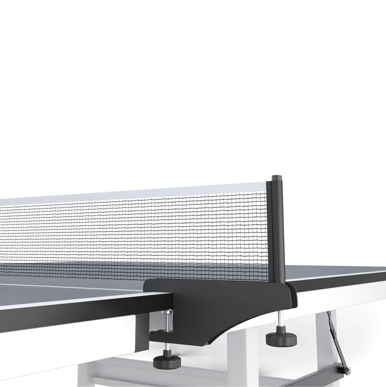В комплекте к столу поставляется сетка из нейлона с надежными винтовыми фиксаторами и набор для игры: 2 ракетки, 3 шарика в сумке.
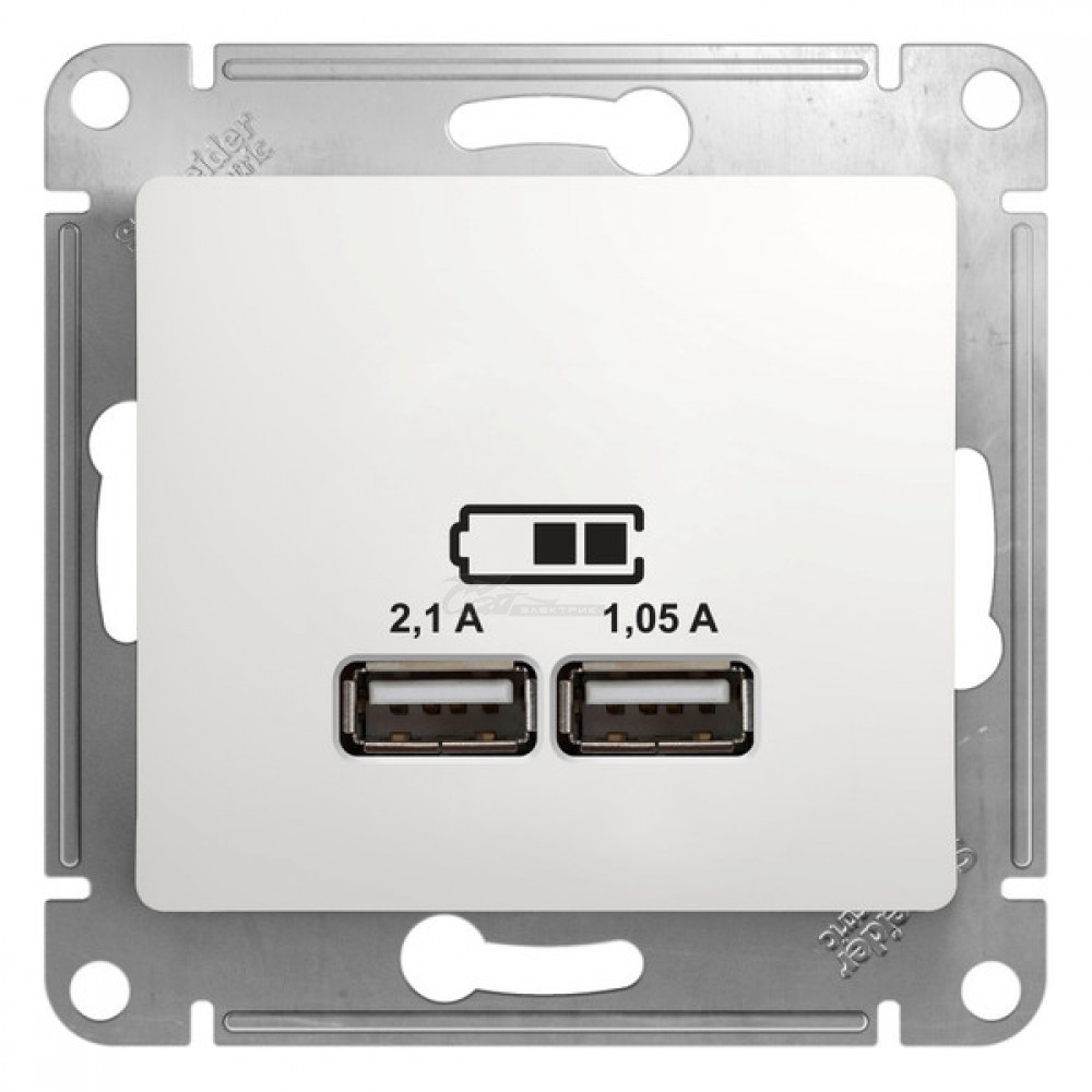 Механизм Schneider Electric Glossa (цвет белый) розетки с двумя разъёмами USB с выходными напряжением 5 В постоянного тока и выходами с номинальным током по 2,1 А.
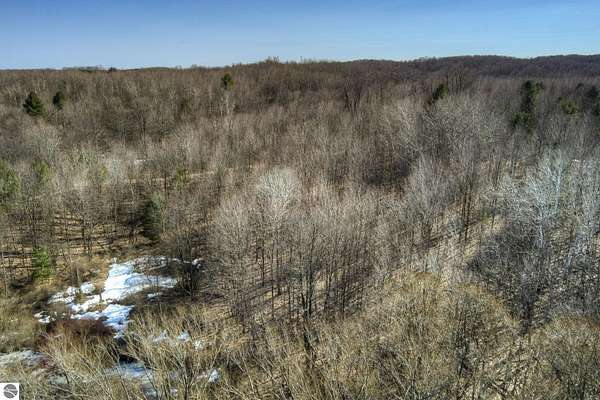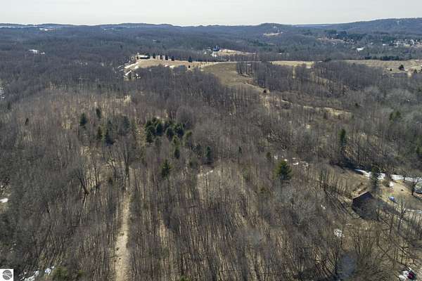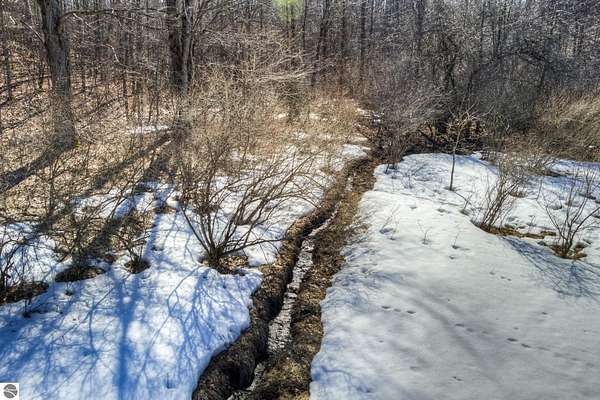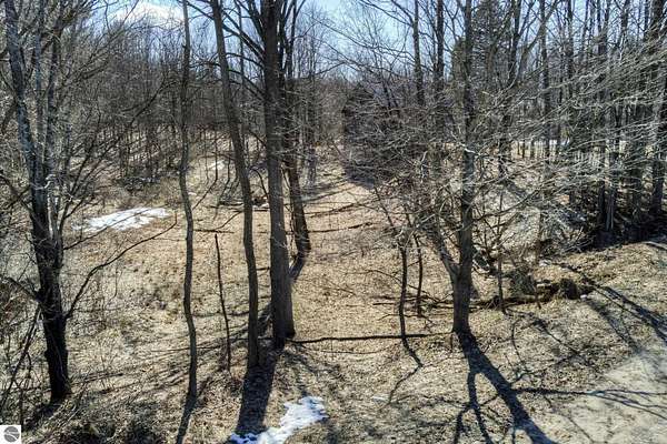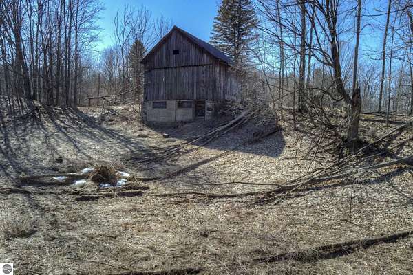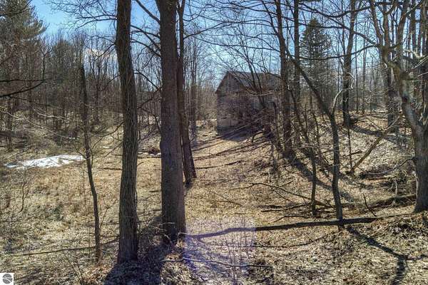 Enjoy your own slice of Northern Michigan paradise: 12 beautifully wooded acres in Elmwood Township, rich with mature hardwoods, natural privacy & a small creek meandering through. This is more than just land; it’s a blank canvas for your vision. Whether you imagine a peaceful cabin tucked among the trees or a stunning dream home surrounded by nature, you get to choose the perfect setting. Wake up to birdsong, watch wildlife wander through your property, and experience the quiet beauty of every season—all while being just minutes from town. An old 2-story barn adds character and potential and the property is approved for a conventional septic system, making your building plans even easier to bring to life. Corners marked and ribbons on nearby trees to help navigate. A 'U' drive up to barn: Caution - Unknown Condition
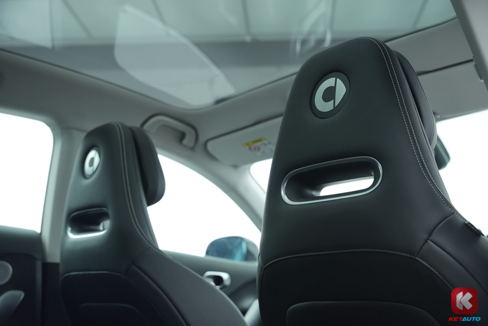 轿跑座椅由大面积真皮包覆,加入撞色缝线,头枕上嵌入 smart Logo,并使用行业首创的座椅铆钉设计,提升座舱氛围。
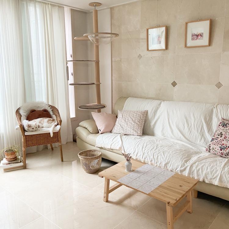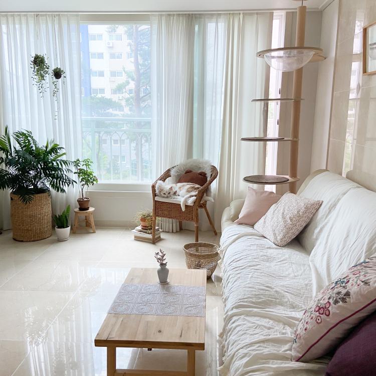 각종 패브릭을 덮어 톤을 맞추고 있어요.

-- -- --

* [What to work on]
The reply should hold only the lines running from the top of the records to the line containing "Механизм Schneider Electric", both included, copied exactly with no pictures.

* [Written answer]
В комплекте к столу поставляется сетка из нейлона с надежными винтовыми фиксаторами и набор для игры: 2 ракетки, 3 шарика в сумке.
 Механизм Schneider Electric Glossa (цвет белый) розетки с двумя разъёмами USB с выходными напряжением 5 В постоянного тока и выходами с номинальным током по 2,1 А.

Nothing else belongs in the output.